» What to work on
Every line of the listing belongs in your answer exactly as written; the images do not.

» Material provided
-------------------------

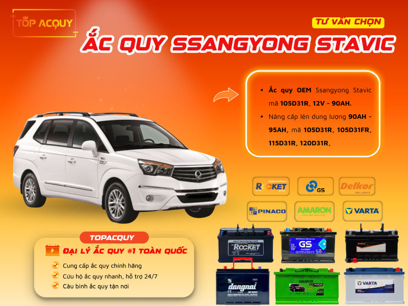 Tại TOPACQUY.VN, chúng tôi đã tổng hợp các dòng ắc quy hàng đầu, đảm bảo cung cấp dòng khởi động mạnh mẽ và tuổi thọ bền bỉ cho Ssangyong Stavic.
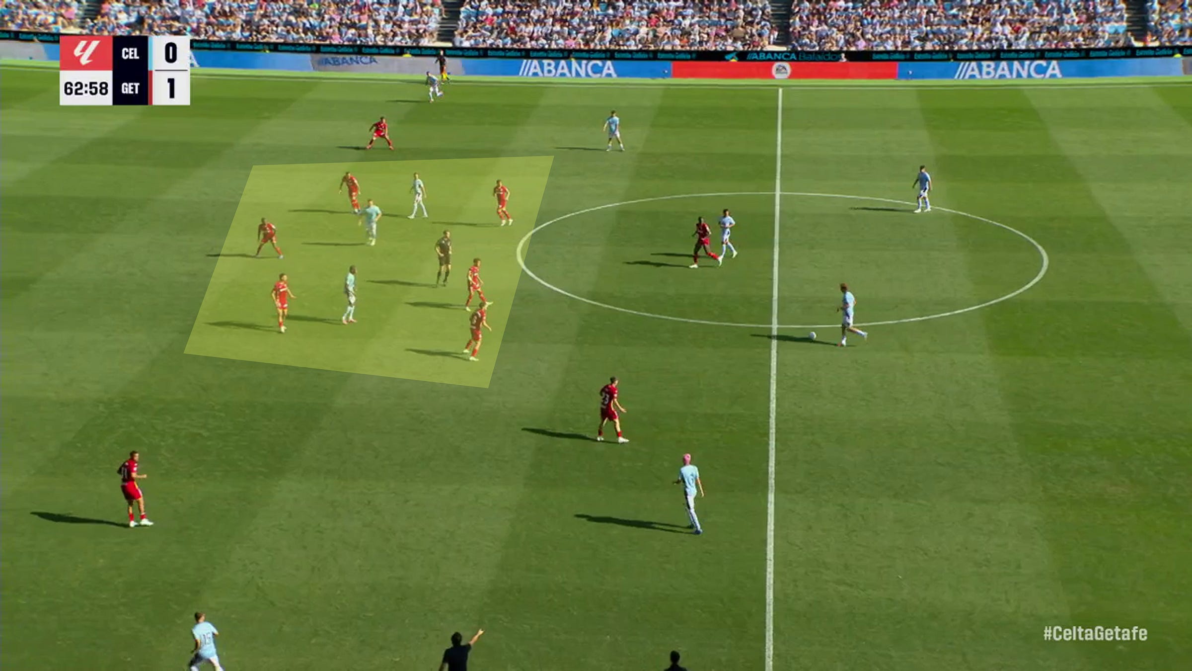 The initial idea was to crowd them out. Crucially, though, there was much to be said about the preparedness of the defenders in anticipating balls over the top or down the sides. As we can see here, the visitors did a fine job of being close enough to get immediate man-to-man pressure on receivers, while being vigilant of Celta looking for runners (and bypassing the Getafe cluster).
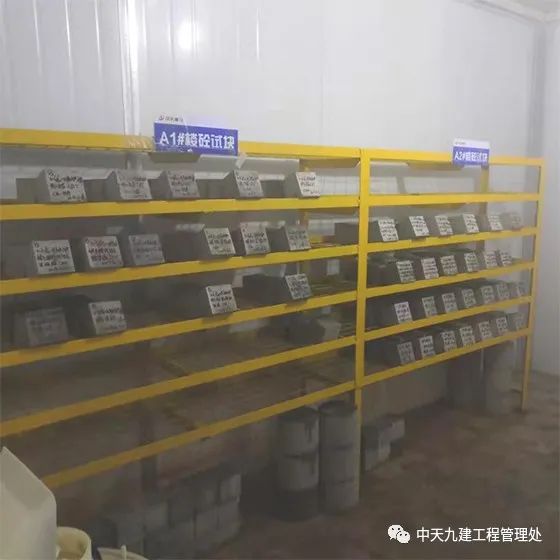 项目部设置专职质检员,按规范要求留置同养试块及标养试块,同养试块拆模后放置于对应楼楼梯口处,并上锁管理,到达期龄后及时送检。

-------------------------

» Answer section
 Tại TOPACQUY.VN, chúng tôi đã tổng hợp các dòng ắc quy hàng đầu, đảm bảo cung cấp dòng khởi động mạnh mẽ và tuổi thọ bền bỉ cho Ssangyong Stavic.
 The initial idea was to crowd them out. Crucially, though, there was much to be said about the preparedness of the defenders in anticipating balls over the top or down the sides. As we can see here, the visitors did a fine job of being close enough to get immediate man-to-man pressure on receivers, while being vigilant of Celta looking for runners (and bypassing the Getafe cluster).
 项目部设置专职质检员,按规范要求留置同养试块及标养试块,同养试块拆模后放置于对应楼楼梯口处,并上锁管理,到达期龄后及时送检。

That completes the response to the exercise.